== ASSIGNMENT ==
Every line from the first one in the data below through the line holding "- 智慧轉換:啟用 Notion" is to be written out exactly, with the pictures omitted.

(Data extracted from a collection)

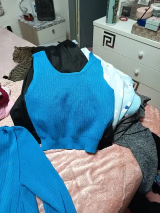 Conjunto de dos prendas: un top de manga corta y un pantalón. - Top con textura. De Sfera XL nueva sin etiquetas - Pantalón de corte recto. De pimkie talla 42 el pantalón si está usado. Precio por packs 8.50 Prenda suelta 5€
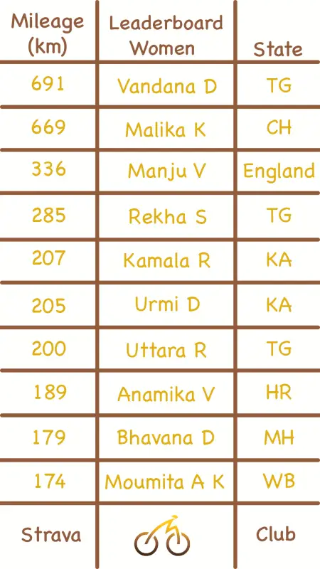 There are 13 women in the top 100 this week, 2 less than week.Vandana Dhavate from Telangana was top of the charts this week. Riding an incredible 691 km. She is 5th overall. She was third last week.
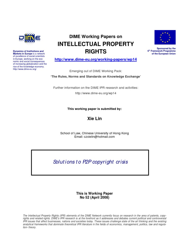SOLUTIONS TO P2P COPYRIGHT CRISIS
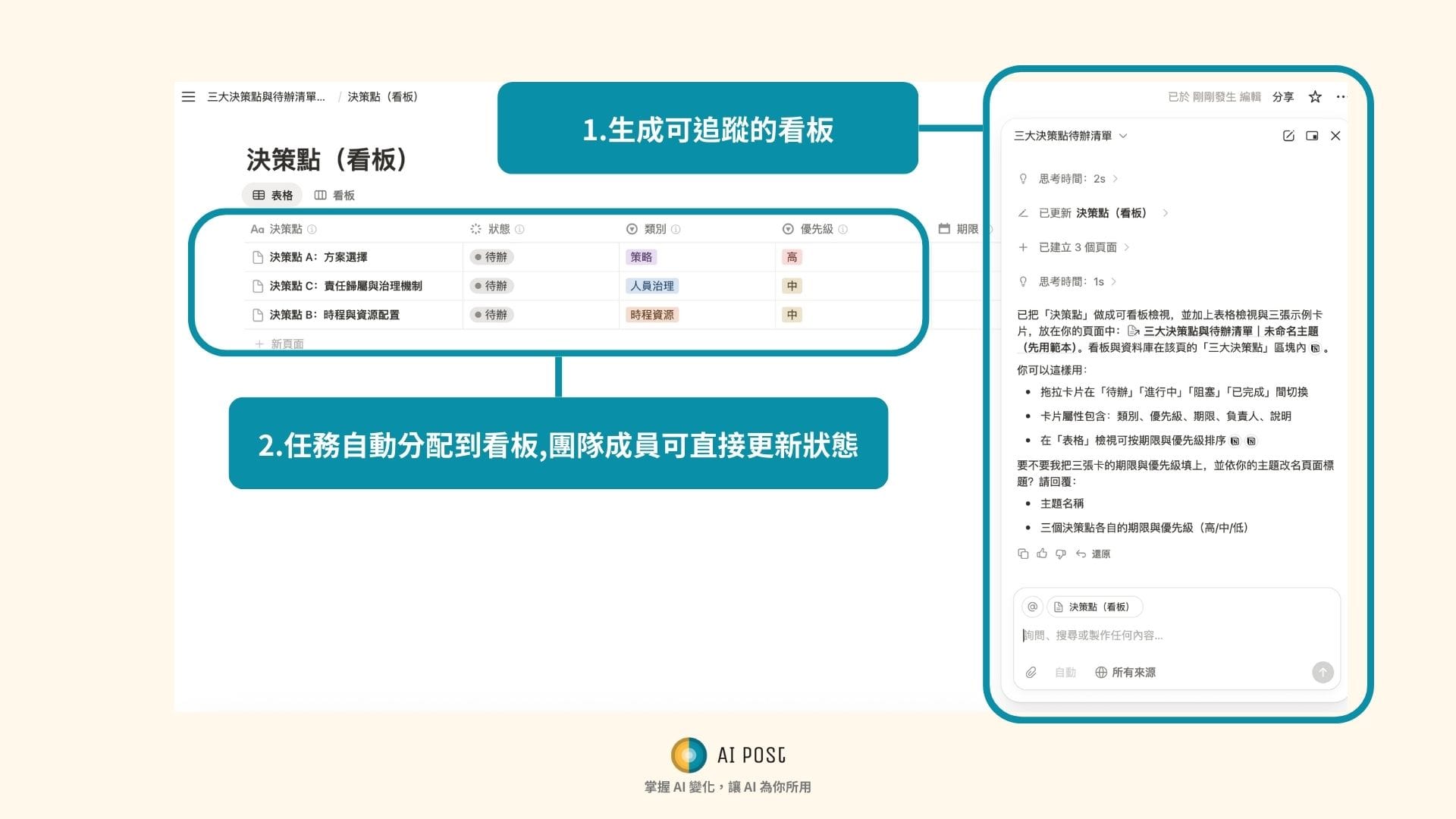 - 智慧轉換:啟用 Notion AI,輸入指令,例如「請整理三大決策並建立待辦清單」,即可立即生成可追蹤的任務。
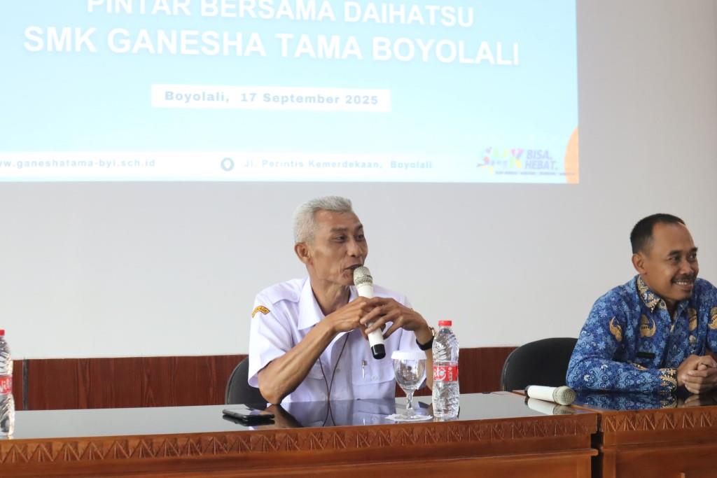 Kegiatan Musyawarah Guru Mata Pelajaran (MGMP) Teknik Otomotif Kendaraan Ringan dalam program Pintar Bersama Daihatsu (PBD) Area Solo Raya yang dilaksanakan di SMK Ganesha Tama Boyolali, tepatnya di ruang aula pertemuan lantai 2. Pertemuan rutin ini membahas mengenai pengembangan pembelajaran berbasis industri, pengembangan softskill dan hardskill untuk meningkatkan kompetensi guru.

== RESULT OF THE TASK ==
 Conjunto de dos prendas: un top de manga corta y un pantalón. - Top con textura. De Sfera XL nueva sin etiquetas - Pantalón de corte recto. De pimkie talla 42 el pantalón si está usado. Precio por packs 8.50 Prenda suelta 5€
 There are 13 women in the top 100 this week, 2 less than week.Vandana Dhavate from Telangana was top of the charts this week. Riding an incredible 691 km. She is 5th overall. She was third last week.
SOLUTIONS TO P2P COPYRIGHT CRISIS
 - 智慧轉換:啟用 Notion AI,輸入指令,例如「請整理三大決策並建立待辦清單」,即可立即生成可追蹤的任務。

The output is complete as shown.